### Dataset entries
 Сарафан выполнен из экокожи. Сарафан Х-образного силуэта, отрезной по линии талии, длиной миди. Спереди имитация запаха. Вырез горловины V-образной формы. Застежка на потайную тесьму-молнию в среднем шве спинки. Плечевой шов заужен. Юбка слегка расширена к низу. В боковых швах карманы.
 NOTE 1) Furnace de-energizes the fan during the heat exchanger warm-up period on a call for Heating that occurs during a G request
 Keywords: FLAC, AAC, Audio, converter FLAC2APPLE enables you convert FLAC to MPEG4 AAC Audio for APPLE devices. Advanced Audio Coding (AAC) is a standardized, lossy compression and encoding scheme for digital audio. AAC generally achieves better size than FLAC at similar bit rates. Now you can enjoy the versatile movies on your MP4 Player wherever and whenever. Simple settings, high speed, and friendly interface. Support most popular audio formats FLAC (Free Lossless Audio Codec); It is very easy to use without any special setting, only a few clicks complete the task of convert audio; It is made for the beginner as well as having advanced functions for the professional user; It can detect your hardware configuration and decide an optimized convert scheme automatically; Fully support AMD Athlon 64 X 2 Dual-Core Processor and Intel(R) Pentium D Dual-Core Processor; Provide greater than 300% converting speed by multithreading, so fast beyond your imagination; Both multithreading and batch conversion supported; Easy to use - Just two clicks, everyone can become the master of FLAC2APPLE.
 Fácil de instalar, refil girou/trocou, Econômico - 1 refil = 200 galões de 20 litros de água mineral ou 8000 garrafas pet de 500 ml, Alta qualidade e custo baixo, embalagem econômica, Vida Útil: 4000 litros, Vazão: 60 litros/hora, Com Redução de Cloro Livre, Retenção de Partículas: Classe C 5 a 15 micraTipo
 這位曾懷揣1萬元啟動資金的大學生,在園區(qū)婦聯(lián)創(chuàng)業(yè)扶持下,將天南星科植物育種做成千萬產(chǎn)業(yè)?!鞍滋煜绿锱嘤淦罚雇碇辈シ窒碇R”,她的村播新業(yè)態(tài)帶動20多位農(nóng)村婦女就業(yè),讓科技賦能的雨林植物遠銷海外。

* * *

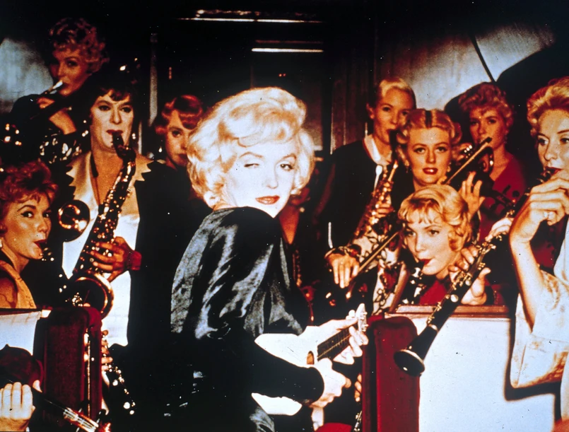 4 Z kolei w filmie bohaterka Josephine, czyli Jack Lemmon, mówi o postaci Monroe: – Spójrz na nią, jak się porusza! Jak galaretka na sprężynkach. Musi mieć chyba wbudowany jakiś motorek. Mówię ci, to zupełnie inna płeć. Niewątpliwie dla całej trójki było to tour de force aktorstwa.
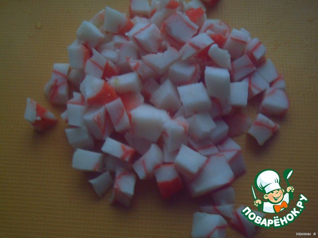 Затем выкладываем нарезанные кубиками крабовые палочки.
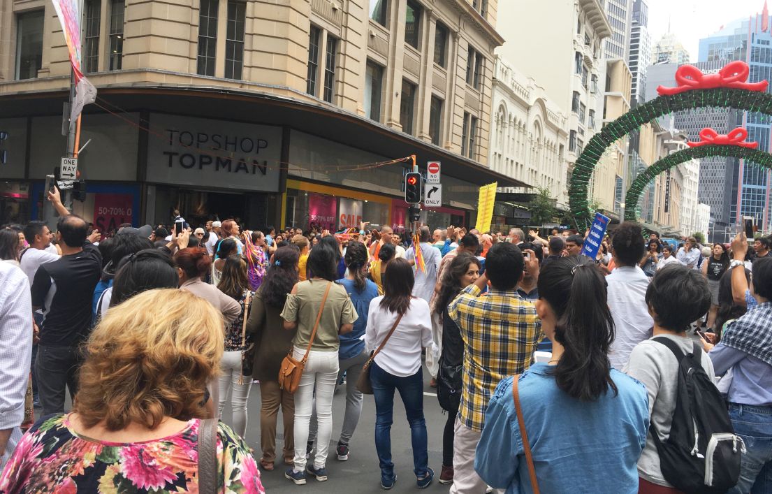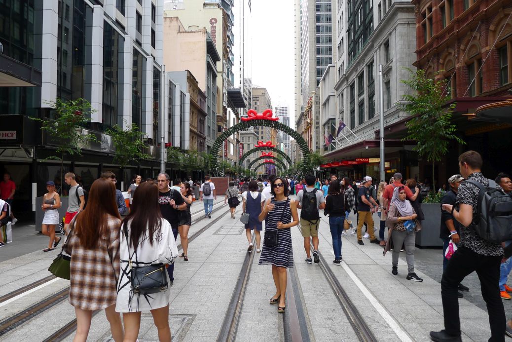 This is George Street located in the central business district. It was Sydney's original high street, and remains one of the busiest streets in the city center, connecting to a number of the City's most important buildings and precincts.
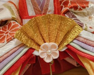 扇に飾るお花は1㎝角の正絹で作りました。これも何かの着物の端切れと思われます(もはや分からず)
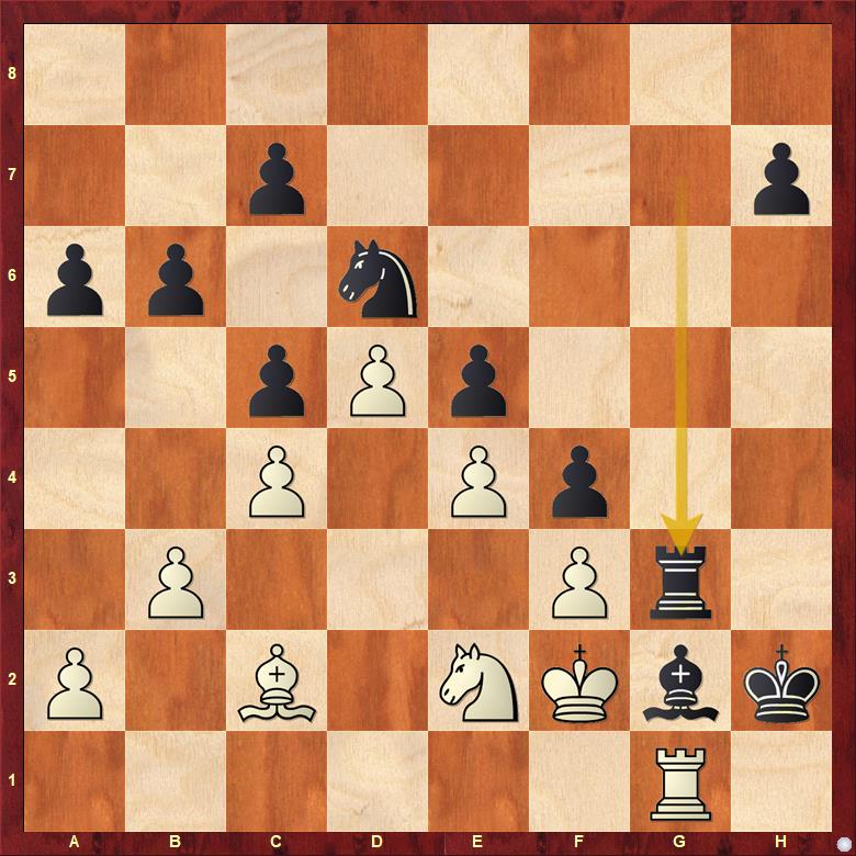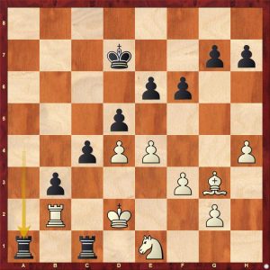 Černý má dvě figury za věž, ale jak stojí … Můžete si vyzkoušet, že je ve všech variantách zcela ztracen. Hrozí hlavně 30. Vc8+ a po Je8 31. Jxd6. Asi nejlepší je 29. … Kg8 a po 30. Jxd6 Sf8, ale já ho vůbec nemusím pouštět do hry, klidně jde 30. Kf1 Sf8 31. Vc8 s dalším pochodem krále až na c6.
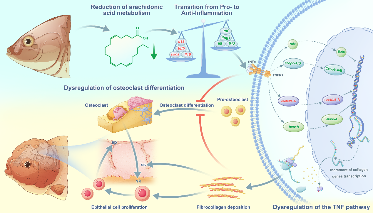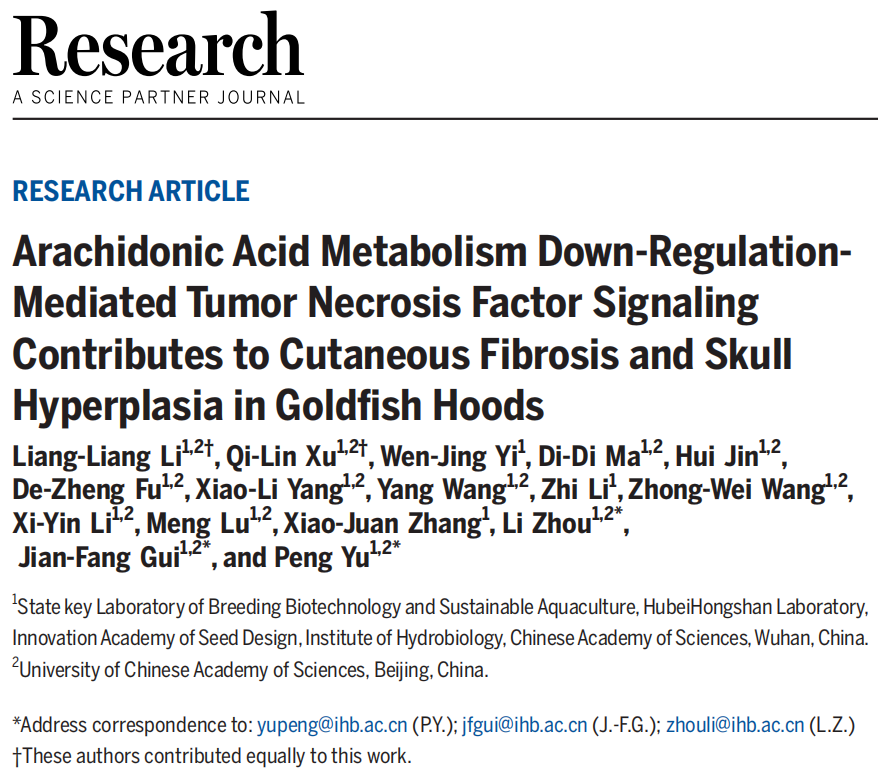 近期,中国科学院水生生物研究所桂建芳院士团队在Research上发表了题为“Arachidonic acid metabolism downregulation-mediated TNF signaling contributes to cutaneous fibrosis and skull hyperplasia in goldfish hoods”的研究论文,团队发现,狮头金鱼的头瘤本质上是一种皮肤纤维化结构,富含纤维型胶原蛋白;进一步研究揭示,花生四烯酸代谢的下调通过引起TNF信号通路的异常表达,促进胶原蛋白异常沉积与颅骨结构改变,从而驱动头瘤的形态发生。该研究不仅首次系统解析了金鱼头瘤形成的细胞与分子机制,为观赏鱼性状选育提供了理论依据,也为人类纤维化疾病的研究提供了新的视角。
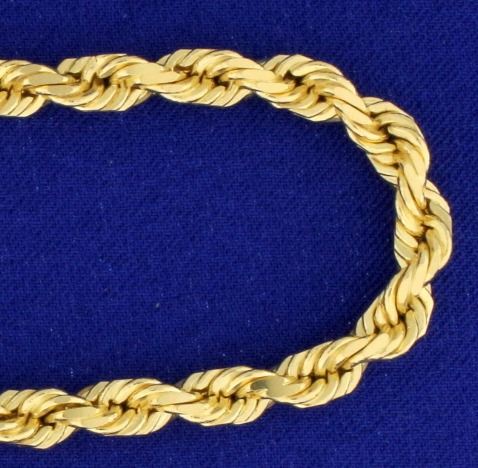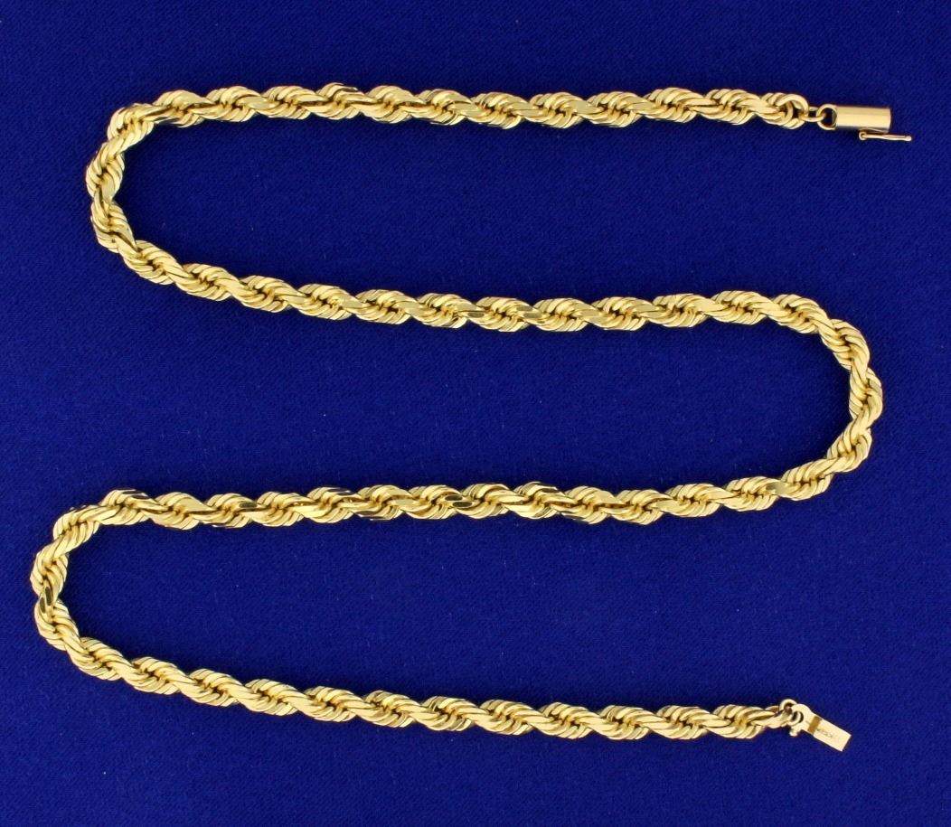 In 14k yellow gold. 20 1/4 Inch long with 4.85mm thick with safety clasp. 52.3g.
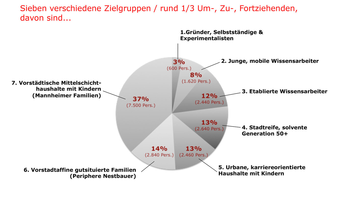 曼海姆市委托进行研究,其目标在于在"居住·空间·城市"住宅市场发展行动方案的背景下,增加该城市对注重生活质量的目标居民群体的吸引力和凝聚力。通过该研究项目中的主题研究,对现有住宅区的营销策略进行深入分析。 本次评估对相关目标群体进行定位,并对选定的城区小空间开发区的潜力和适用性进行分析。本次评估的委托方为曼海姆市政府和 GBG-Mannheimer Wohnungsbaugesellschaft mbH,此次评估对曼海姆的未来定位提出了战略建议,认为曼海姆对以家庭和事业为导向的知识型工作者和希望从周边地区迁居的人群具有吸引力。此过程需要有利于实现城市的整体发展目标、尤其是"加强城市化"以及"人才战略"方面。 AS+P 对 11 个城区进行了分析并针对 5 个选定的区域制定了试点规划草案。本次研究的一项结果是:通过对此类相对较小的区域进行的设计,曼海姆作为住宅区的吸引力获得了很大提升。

### What is expected
Only one stretch of the entries above is wanted: the lines from the one containing "Сарафан выполнен из" through the one containing "Fácil de instalar, refil". Please reproduce it exactly.

### Response below
 Сарафан выполнен из экокожи. Сарафан Х-образного силуэта, отрезной по линии талии, длиной миди. Спереди имитация запаха. Вырез горловины V-образной формы. Застежка на потайную тесьму-молнию в среднем шве спинки. Плечевой шов заужен. Юбка слегка расширена к низу. В боковых швах карманы.
 NOTE 1) Furnace de-energizes the fan during the heat exchanger warm-up period on a call for Heating that occurs during a G request
 Keywords: FLAC, AAC, Audio, converter FLAC2APPLE enables you convert FLAC to MPEG4 AAC Audio for APPLE devices. Advanced Audio Coding (AAC) is a standardized, lossy compression and encoding scheme for digital audio. AAC generally achieves better size than FLAC at similar bit rates. Now you can enjoy the versatile movies on your MP4 Player wherever and whenever. Simple settings, high speed, and friendly interface. Support most popular audio formats FLAC (Free Lossless Audio Codec); It is very easy to use without any special setting, only a few clicks complete the task of convert audio; It is made for the beginner as well as having advanced functions for the professional user; It can detect your hardware configuration and decide an optimized convert scheme automatically; Fully support AMD Athlon 64 X 2 Dual-Core Processor and Intel(R) Pentium D Dual-Core Processor; Provide greater than 300% converting speed by multithreading, so fast beyond your imagination; Both multithreading and batch conversion supported; Easy to use - Just two clicks, everyone can become the master of FLAC2APPLE.
 Fácil de instalar, refil girou/trocou, Econômico - 1 refil = 200 galões de 20 litros de água mineral ou 8000 garrafas pet de 500 ml, Alta qualidade e custo baixo, embalagem econômica, Vida Útil: 4000 litros, Vazão: 60 litros/hora, Com Redução de Cloro Livre, Retenção de Partículas: Classe C 5 a 15 micraTipo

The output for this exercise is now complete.